▸ Extracted records
=== Begin Enclosure ===

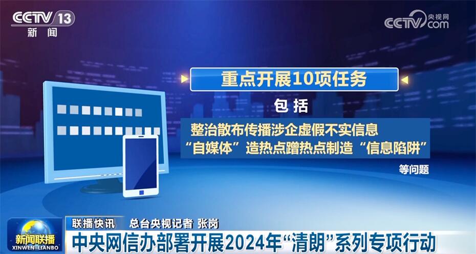 记者3月15日从中央网信办获悉,2024年“清朗”系列专项行动将重点开展10项任务,包括整治散布传播涉企虚假不实信息、“自媒体”造热点蹭热点制造“信息陷阱”等问题。
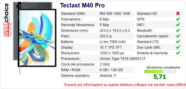 Dati del telefono cellulare Teclast M40 Pro sul tuo sito
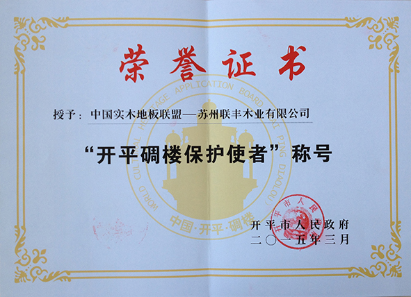 聯(lián)豐地板被授予“開平碉樓保護使者”榮譽稱號
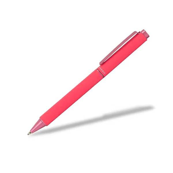 Penne a sfera colorata dal tatto soft touch caratterizzata, inoltre, da un design pulito ed essenziale. I dettagli metallici riprendono il colore del fusto della penna. Disponibile in varie colorazioni, scegli quella che si abbina di più ai tuoi look. Ottima anche come idea regalo da abbinare ad uno dei nostri quaderni o astucci. CARATTERISTICHE: Apertura con meccanismo a rotazione. Corpo in ottone laccato. Punta in metallo dal tratto medio. Utilizza refill universale per penna a sfera. Dimensioni: 14L x 1,5A cm; peso: 25 g.
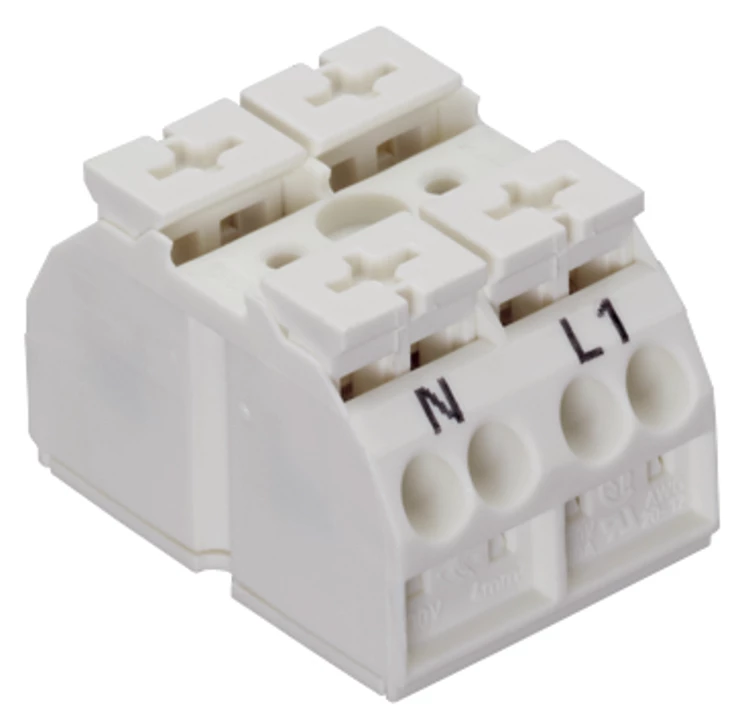 blok zasilający 4-przewodowy; bez styku PE; N-L1; 2-bieg.; do wkrętu samogwintującego Ø 2,9 mm od dołu; z 2x pin; 4 mm²; biały
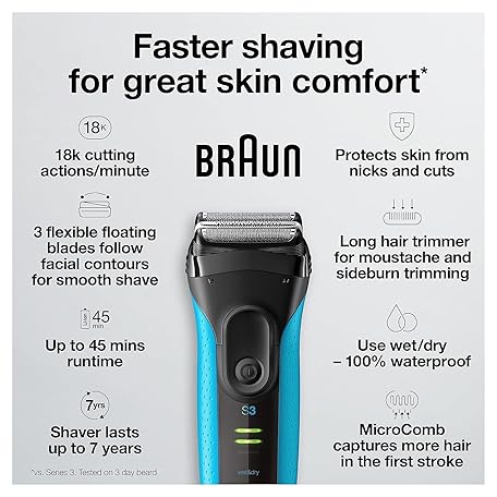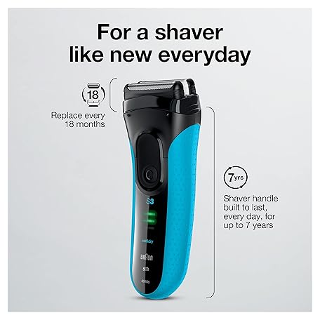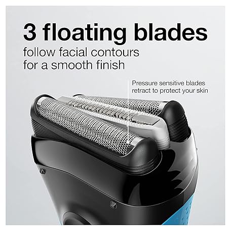 Thông tin sản phẩm Braun Electric Series 3 Razor with Precision Trimmer, Rechargeable, Wet & Dry Foil Shaver for Men, Blue/Black, 4 Piece

=== End Enclosure ===

▸ Problem description
Repeat only the lines between the start of the data and the line with "blok zasilający 4-przewodowy;", including those two lines, and skip the pictures.

▸ Completed exercise
 记者3月15日从中央网信办获悉,2024年“清朗”系列专项行动将重点开展10项任务,包括整治散布传播涉企虚假不实信息、“自媒体”造热点蹭热点制造“信息陷阱”等问题。
 Dati del telefono cellulare Teclast M40 Pro sul tuo sito
 聯(lián)豐地板被授予“開平碉樓保護使者”榮譽稱號
 Penne a sfera colorata dal tatto soft touch caratterizzata, inoltre, da un design pulito ed essenziale. I dettagli metallici riprendono il colore del fusto della penna. Disponibile in varie colorazioni, scegli quella che si abbina di più ai tuoi look. Ottima anche come idea regalo da abbinare ad uno dei nostri quaderni o astucci. CARATTERISTICHE: Apertura con meccanismo a rotazione. Corpo in ottone laccato. Punta in metallo dal tratto medio. Utilizza refill universale per penna a sfera. Dimensioni: 14L x 1,5A cm; peso: 25 g.
 blok zasilający 4-przewodowy; bez styku PE; N-L1; 2-bieg.; do wkrętu samogwintującego Ø 2,9 mm od dołu; z 2x pin; 4 mm²; biały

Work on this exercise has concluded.